The most basic GitOps platform deployment consists of an ArgoCD Application with the platform chart and your desired values.

Create ArgoCD application​

Execute the following command to create a simple ArgoCD Application.

Create platform ArgoCD Application
PLATFORM_VERSION=4.0.0
cat <<EOF > gitops-application.yaml
---
apiVersion: argoproj.io/v1alpha1
kind: Application
metadata:
  name: vcluster-platform
  namespace: argocd
spec:
  destination:
    name: ""
    namespace: vcluster-platform
    server: "https://kubernetes.default.svc"
  source:
    path: ""
    repoURL: "https://charts.loft.sh"
    targetRevision: $PLATFORM_VERSION
    chart: vcluster-platform
    helm:
      parameters:
        # admin
        - name: admin.create
          value: "true"
        - name: admin.username
          value: admin
        - name: admin.password
          value: password

        # ingress
        - name: ingress.enabled
          value: "true"
        - name: ingress.host
          value: "vcluster-platform.example"
        - name: ingress.name
          value: "vcluster-platform-ingress"

        # audit
        - name: audit.enableSideCar
          value: "true"
        - name: config.audit.level
          value: "1"

        # config
        - name: config.loftHost
          value: "https://vcluster-platform.example"

  project: default
  syncPolicy:
    automated:
      prune: true
      selfHeal: true
    syncOptions:
      - CreateNamespace=true
EOF

Apply ArgoCD application​

tip

To retrieve all available versions of the platform Helm chart, run the following command:

List available platform versions
helm search repo loft-sh/vcluster-platform

Apply the ArgoCD Application to your cluster using the kubectl apply command.

Apply the ArgoCD Application
kubectl apply -f gitops-application.yaml

Alternatively, follow the regular GitOps process and push the gitops-application.yaml file to your Git repository.

The ArgoCD Application would deploy the platform into the current-context configured for your Kubernetes cluster, in the vcluster-platform namespace. In this example, values are being passed to set some basic configurations including:

  • Administrator user/password
  • Ingress configuration
  • Audit configuration

The platform Deployment automatically installs the platform agent in the local cluster. To manage the agent deployment manually, refer to the agent section.

ArgoCD and Helm Releases

If you are using ArgoCD to manage your platform instance, you won't be able to update the platform configuration through the platform UI. This shouldn't be a problem if you're following a GitOps approach, as manual updates are typically avoided. However, it's important to note that ArgoCD does not deploy the Helm release secret.

Configuration​

One of the core tenets of the platform is that all platform resources are just "normal" Kubernetes resources. This means that you can manage any platform objects in the same way you'd manage any other Kubernetes resources in your GitOps workflow.

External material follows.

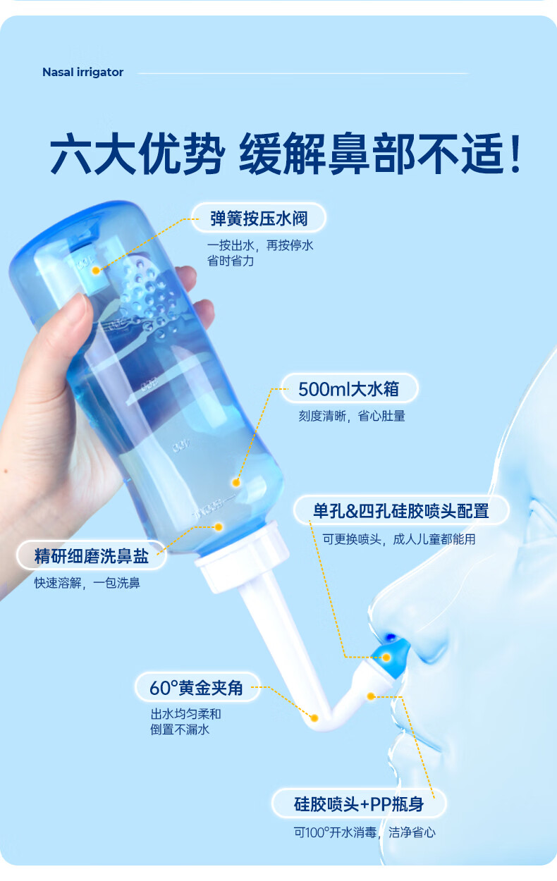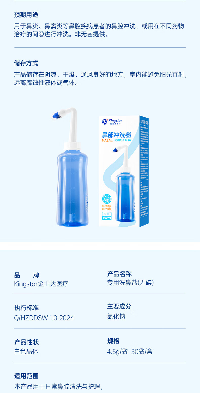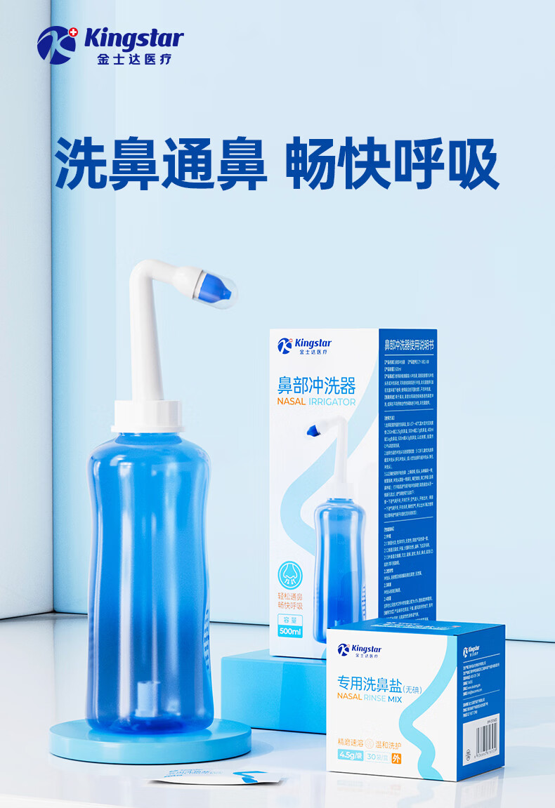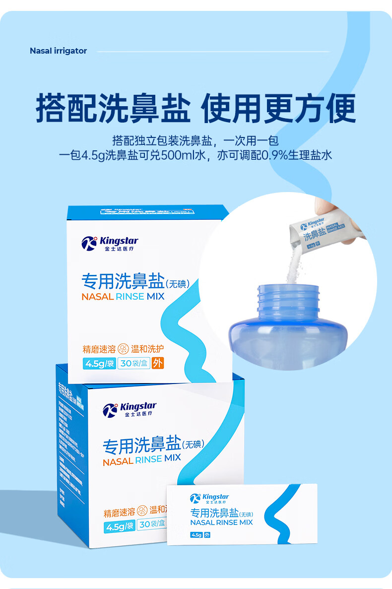 金士达tk洗鼻器家用成人儿童鼻腔清洗器 鼻炎鼻窦炎鼻部生理盐水冲洗器 鼻腔清洗器500ml套装+洗鼻盐4.5g*30袋

To generate the appropriate manifests to manage each platform resource type, check out the API documentation where you can find example manifests and argument references for nearly all platform resource types. Alternatively, you can use the platform UI to build out your required objects and simply snag the YAML output from the build pane and use that as your manifest content.

Here is an example of creating a Team, and a Project that the Team is a member of. You could manage these resources in your GitOps platform, then allow project users to create resources in the platform as they wish. This would put the core pieces under GitOps, freeing teams to control their own environments in the platform manually if they wish.

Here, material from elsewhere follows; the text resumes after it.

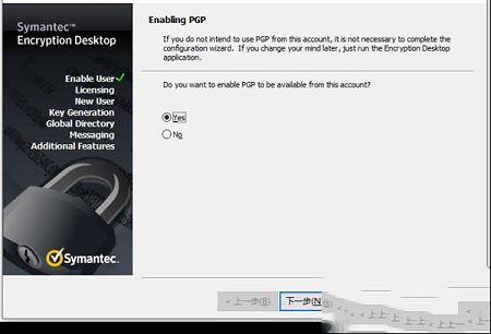 6、重启软件后,提示“您是否希望通过此帐户启用PGP?”点击yes,点击下一步

The following manifests could be added into a custom Helm chart, or used as manifests in a repo connected to ArgoCD. This is a contrived example, of course, but the main point here is that all platform resources are just "normal" Kubernetes (custom) resources that can be managed with your GitOps tooling, or any other Kubernetes-centric tooling.

Example Team and Project resources
---
apiVersion: management.loft.sh/v1
kind: Team
metadata:
  name: acme-team
spec:
  displayName: acme-team
  owner:
    user: admin
  access:
    - verbs:
        - "*"
      subresources:
        - "*"
      users:
        - admin
    - name: vcluster-platform-access
      verbs:
        - get
        - bind
      subresources:
        - clusters
      teams:
        - acme-team

---
kind: Project
apiVersion: management.loft.sh/v1
metadata:
  name: acme-team-project
spec:
  displayName: acme-team-project
  owner:
    user: admin
  quotas: {}
  allowedClusters:
    - name: "*"
  allowedTemplates:
    - kind: VirtualClusterTemplate
      group: storage.loft.sh
      name: "*"
    - kind: SpaceTemplate
      group: storage.loft.sh
      name: "*"
  members:
    - kind: Team
      group: storage.loft.sh
      name: acme-team
      clusterRole: loft-management-project-admin
  access:
    - name: vcluster-platform-admin-access
      verbs:
        - get
        - update
        - patch
        - delete
      subresources:
        - "*"
      users:
        - admin
      teams:
        - acme-team

Connected clusters​

One of the benefits of the platform is that you can easily manage resources located in many physical clusters by adding them to the platform and using it as your central point of management.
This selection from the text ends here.